A proper dinner is not only about lightness, but also about a feeling of comfort, when after eating there is no heaviness, and the body gets everything it needs. Low-calorie vegetable dishes are ideal for those who watch their figure, want to reduce the load on digestion and maintain a healthy diet. And most importantly – such dishes can be not only healthy, but also surprisingly tasty. We at joy-pup offer three best recipes for vegetable dinners, each of which contains up to 200 calories and is prepared in a matter of minutes. Also read what soups to cook for cold weather.
Vegetable wok with broccoli and carrots (≈180 kcal)

Ingredients (1 serving):
- Broccoli — 120 g
- Carrot — 1 pc.
- Bell pepper — ½ pc.
- Onion — ½ pc.
- Soy sauce — 1 tsp.
- Olive oil — ½ tsp.
- Garlic — 1 clove
- Salt, pepper
Preparation:
- Cut the vegetables: broccoli into florets, carrots into thin strips, pepper into strips.

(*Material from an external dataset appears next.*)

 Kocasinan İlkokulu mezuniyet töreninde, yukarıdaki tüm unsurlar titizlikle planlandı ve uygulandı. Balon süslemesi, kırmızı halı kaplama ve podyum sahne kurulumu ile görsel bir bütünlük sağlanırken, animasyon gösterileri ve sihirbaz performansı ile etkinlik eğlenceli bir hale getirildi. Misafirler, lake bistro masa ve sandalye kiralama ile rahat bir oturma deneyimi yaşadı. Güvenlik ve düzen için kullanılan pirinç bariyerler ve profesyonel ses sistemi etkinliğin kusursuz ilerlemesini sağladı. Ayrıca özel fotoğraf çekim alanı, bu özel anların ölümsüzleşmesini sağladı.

- In a well-heated frying pan, fry the vegetables for 3-4 minutes over high heat.
- Add the garlic and soy sauce, cook for another 1-2 minutes.
- Serve immediately while the vegetables remain crispy.

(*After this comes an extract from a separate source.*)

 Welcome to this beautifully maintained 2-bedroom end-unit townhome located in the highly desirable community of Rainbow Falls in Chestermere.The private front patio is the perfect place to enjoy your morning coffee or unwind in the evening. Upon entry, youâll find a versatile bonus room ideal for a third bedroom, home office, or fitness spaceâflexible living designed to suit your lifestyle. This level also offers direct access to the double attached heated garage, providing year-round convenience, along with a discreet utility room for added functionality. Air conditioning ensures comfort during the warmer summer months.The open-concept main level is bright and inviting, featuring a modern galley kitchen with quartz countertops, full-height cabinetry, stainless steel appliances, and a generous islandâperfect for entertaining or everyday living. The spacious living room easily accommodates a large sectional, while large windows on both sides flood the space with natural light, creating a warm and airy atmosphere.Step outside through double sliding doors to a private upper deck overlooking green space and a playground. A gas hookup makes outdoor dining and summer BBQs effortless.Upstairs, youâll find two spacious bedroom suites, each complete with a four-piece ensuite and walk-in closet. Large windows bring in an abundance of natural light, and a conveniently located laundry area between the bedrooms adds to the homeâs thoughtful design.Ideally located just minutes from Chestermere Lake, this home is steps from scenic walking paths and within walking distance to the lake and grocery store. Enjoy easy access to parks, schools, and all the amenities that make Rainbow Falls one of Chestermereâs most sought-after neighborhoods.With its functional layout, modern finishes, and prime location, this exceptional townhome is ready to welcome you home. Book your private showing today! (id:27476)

Flourless zucchini pancakes (≈160 kcal)

Ingredients:
- Zucchini — 200 g
- Egg — 1 pc.
- Greens — to taste
- Salt, pepper
- A little oil for the pan
Preparation:
- Grate the zucchini, squeeze out excess liquid.
- Add the egg, greens, salt and pepper, mix.
- Heat the pan, lightly greasing with oil.
- Spread the mass with a spoon and fry until golden brown on both sides.
- If desired, serve with a spoonful of low-fat yogurt.
Baked vegetables with aromatic herbs (≈150 kcal)

Ingredients (1 serving):
- Cauliflower — 120 g
- Zucchini — 100 g
- Tomato — 1 pc.
- Herbs (oregano, basil or a mixture of Italian herbs) – ½ tsp
- Olive oil – ½ tsp
- Salt, pepper
Preparation:
- Cut the vegetables into equal pieces.
- Place on a baking sheet, season with herbs, salt and pepper, drizzle lightly with oil.
- Bake for 20-25 minutes at 190°C.
- Serve warm as a separate dish or as a side dish.